When designing an Azure Data Lake Storage Gen2 account, there are several considerations to take into account. This article will explore the best practices for designing an Azure Data Lake Storage Gen2 account, covering topics such as data lake layers, design considerations for zones, directories/files, and security options.
Data Lake Layers
The data lake consists of various layers, including environments, storage accounts, file systems, zones, directories, and files. Each layer plays a crucial role in the overall design and architecture of the data lake.
Environment
The environment layer defines the top-level layer of the data lake. It includes different environments such as DEV, QA, and PROD, each of which may require one or many ADLS2 storage accounts. The process can be orchestrated using Azure DevOps pipelines.
Storage Account
When creating an Azure Data Lake Storage account, there are several properties that need to be configured. These properties include:
- Performance Tier: Choose between standard storage accounts, which provide bulk storage at a lower cost, or premium storage accounts, which offer consistent, low-latency performance.
- Account Kind: Select between general purpose storage accounts or blob storage accounts, depending on your storage needs.
- Replication: Choose a replication strategy that matches your durability requirements.
- Point in Time Restore: Enable point-in-time restore to restore containers to an earlier state.
- Secure Transfer Required: Enhance the security of your storage account by only allowing requests through a secure connection.

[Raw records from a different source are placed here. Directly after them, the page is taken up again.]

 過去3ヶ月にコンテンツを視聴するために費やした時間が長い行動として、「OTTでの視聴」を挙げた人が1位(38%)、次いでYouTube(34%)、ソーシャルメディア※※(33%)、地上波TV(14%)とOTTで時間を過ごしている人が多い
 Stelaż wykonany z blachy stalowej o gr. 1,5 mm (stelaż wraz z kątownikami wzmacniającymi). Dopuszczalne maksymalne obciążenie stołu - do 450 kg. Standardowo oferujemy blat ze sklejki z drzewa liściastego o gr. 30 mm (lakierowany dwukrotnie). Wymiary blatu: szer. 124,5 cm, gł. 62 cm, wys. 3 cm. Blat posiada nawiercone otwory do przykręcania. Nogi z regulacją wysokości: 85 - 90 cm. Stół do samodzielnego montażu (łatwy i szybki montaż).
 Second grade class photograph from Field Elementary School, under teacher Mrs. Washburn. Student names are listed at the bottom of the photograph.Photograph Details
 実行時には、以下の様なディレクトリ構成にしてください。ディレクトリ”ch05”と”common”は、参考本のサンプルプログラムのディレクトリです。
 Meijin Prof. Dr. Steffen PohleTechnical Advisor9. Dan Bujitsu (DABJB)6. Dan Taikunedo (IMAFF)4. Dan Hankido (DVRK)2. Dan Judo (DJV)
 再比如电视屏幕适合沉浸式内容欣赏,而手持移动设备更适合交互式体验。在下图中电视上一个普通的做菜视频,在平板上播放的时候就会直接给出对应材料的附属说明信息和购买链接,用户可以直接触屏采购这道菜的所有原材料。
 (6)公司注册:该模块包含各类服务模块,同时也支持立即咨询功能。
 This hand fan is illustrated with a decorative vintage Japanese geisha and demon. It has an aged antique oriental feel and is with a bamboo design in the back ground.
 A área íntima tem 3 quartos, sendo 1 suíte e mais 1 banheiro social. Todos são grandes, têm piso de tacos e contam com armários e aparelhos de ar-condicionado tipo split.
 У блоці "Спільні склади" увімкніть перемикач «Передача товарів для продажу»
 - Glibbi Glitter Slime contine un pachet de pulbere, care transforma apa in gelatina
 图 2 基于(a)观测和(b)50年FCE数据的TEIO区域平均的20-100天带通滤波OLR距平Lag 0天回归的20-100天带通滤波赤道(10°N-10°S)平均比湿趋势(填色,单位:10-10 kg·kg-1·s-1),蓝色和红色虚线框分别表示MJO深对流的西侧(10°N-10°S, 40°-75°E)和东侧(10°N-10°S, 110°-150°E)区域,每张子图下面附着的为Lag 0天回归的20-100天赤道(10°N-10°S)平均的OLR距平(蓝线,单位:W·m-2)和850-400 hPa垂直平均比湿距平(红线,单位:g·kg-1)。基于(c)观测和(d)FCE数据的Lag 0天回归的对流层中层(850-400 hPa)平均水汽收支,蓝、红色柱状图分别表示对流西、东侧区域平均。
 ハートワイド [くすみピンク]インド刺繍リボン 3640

- Allow Public Access: Decide whether to allow anonymous access to blobs within the storage account.
Zones, Directories & Files
At the folder and file layer, storage account containers define zones, directories, and files. It is recommended to follow a specific folder structure for optimized analytical querying. Each source system should be granted write permissions at the DataSource folder level, ensuring permissions are inherited as new daily folders and files are created.
Here is an example of the recommended folder structure:
\Raw\DataSource\Entity\YYYY\MM\DD\File.extension
For sensitive sub-zones in the raw layer, it is advisable to separate them by top-level folders. This allows for separate lifecycle management policies based on prefix matching.
Security
Security is a critical aspect of designing a data lake. Here are some security features to consider:
RBAC (Role-Based Access Control)
RBAC provides control plane and data plane permissions. Control plane permissions grant security principals rights at the Azure resource level, while data plane permissions grant permissions at the file and folder level. It is recommended to use a combination of RBAC and ACLs for effective security.
ACLs (Access Control Lists)
ACLs control access to files and folders within the data lake. It is advised to assign security principals an RBAC Reader role at the storage account/container level and then apply restrictive and selective ACLs at the file and folder level.
Shared Access Signature (SAS)
SAS allows for limited access capabilities to containers for users. It is useful for granting temporary access to your storage account and managing different levels of access to users within or outside of your organization.
Data Encryption
Data stored in Azure Data Lake Storage Gen2 is automatically encrypted at rest and in transit. It is recommended to let the Data Lake service manage encryption, unless there is a specific need for user-managed keys.
Network Transport
Network rules can be configured to limit access to your storage account from specified IP addresses or subnets. Private endpoints can also be created to secure all traffic between your VNet and the storage account over a private link.
By following these best practices, you can ensure a well-designed and secure Azure Data Lake Storage Gen2 account that meets your specific requirements.
Article Last Updated: 2021-04-21